She has quit headingbutting me, sort of.  SHe will fake me out, getting up close and headbutting the air near my leg, but knows not to make contact with me.  She does headbutt the bucket some when she is feeding, but I take her food away from her for a few minutes when she does, so she is learning that headbutting has a negative reaction, and is doing it less and less.  You will have to reinforce it when you get home, but she is already much better about the headbutting.

As for the grain, lol.  We used up what you brought a couple days ago.  I had some here that needed to be used up, so we are finishing off my bag right now.  I will buy her some more grain if we use that up before you get back.  Right now, I am pretty much letting her have as much grain as she wants, within reason.  She is eating about a quart of grain a day right now, so I am putting in a quart and a half.  When she starts finishing the whole quart and a half, then I will up her to three quarts.  This way, she gets as much as she wants, with no drastic increases to upset her belly.  

I have been feeding her two quarts of milk at 10 am.  She then goes out to the pasture with her grain (the goats go to the brush pasture).  At about 4pm, I take up her grain and let the goats into the grassy field with her.  At 6pm, she goes into the stall with her grain, and I feed the goats.  At 10 pm, I feed her another two quarts of milk.

The bag that I am using was about half full, so it's only worth about 7$.  

Dont worry!  We are fine, and I am enjoying having her.  I showed her the magic hairbrush today............she likes getting brushed, lol.


----------



## redtailgal (Oct 16, 2011)

GEEZ LOUISE!

 Your calf was FULL of it this morning.

She drank her milk without butting at all (I was so proud of her).  Then I led her out to the pasture and she walked along like proper lady (I was even more proud of her).

Then I took the halter off and......

SHe let out a BELLOW and took off like she was a 2500lb rodeo bull.  She RAN as fast as she could around the pasture (five full laps), stopped to catch her breath and then BUCK the full length of the pasture and back (grunting the whole time).  She manage to run over Freezerburn, so he had to get up and chase her, which only agged her on..........and she had to chase HIM, lol.

THen, I had to beat one of my goats. severly. about the head AND shoulders.  and your "sweet" little heifer proceeded to buck and holler and gallop about while I am fighting with my snot of a goat.

So then, after all that I stopped to catch my breath, and she decided to take a break from rodeo-ing for a minute.  She walked over to me, all sweet like, and stuck her head out for me to scratch her neck.  It lasted all of 30 seconds, and she was off again.
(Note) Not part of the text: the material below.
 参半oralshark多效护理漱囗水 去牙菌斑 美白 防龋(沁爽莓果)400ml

FULL THROTTLE, lol.  Galloping, bucking, hopping, kicking imaginary goblins, bellowing.  A total and complete wild child. 

So much for your theory on taking her off the high energy milk.  
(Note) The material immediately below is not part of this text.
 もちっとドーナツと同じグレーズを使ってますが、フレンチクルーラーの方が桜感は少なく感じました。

She is growing.......I think you will be surprised!  It may be harder to get her back up in that truck!  

Hope your having fun.  Sorry I didnt get any pics for you yet, I am trying!

Maybe I can get some after work today!


----------



## dwbonfire (Oct 18, 2011)

I cant believe she is so spunky, she was at home too but she sounds like a crazy girl.
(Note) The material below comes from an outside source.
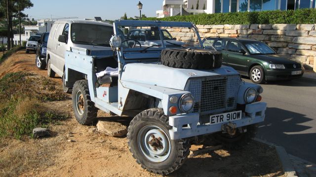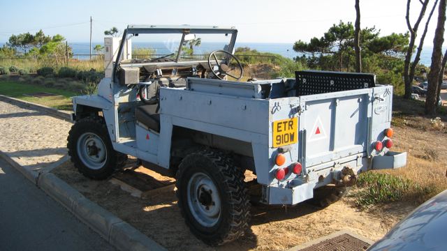 Morris Mini Moke und Land Rover Series I, beide farblich dem Himmel über dem Atlantik angepaßt.

Sorry I havent been checking on here as much as I'd like, this computer is so slow and someone here is always on it so my time is limited!

Im glad she did well being tied, that will be helpful in the future. Thats great that shes minding her manners with the headbutting and walking like a lady! 

Do you think I should figure out another way to pick her up? Im worried she will be too jammed in that crate. I also didnt like how she was sliding around in there on the tray, I tried to put the hay in there to help but it didnt really


----------



## redtailgal (Oct 18, 2011)

I am brainstorming on that.  She will still fit in the crate, but we do need a way to keep her from slipping.

Perhaps an old blanket in the bottom of the crate?


----------



## Pumpkinpup (Oct 18, 2011)

redtailgal said:
			
		

> I am brainstorming on that.  She will still fit in the crate, but we do need a way to keep her from slipping.
> 
> Perhaps an old blanket in the bottom of the crate?


A rubber door door mat works great with hay on top. It gives some grip


----------



## Royd Wood (Oct 18, 2011)

Pumpkinpup said:
			
		

> redtailgal said:
> 
> 
> 
> ...


 good idea Pumpkin


----------



## dwbonfire (Oct 19, 2011)

good idea! if i cant find something like that i will put a big ol blanket in there for her.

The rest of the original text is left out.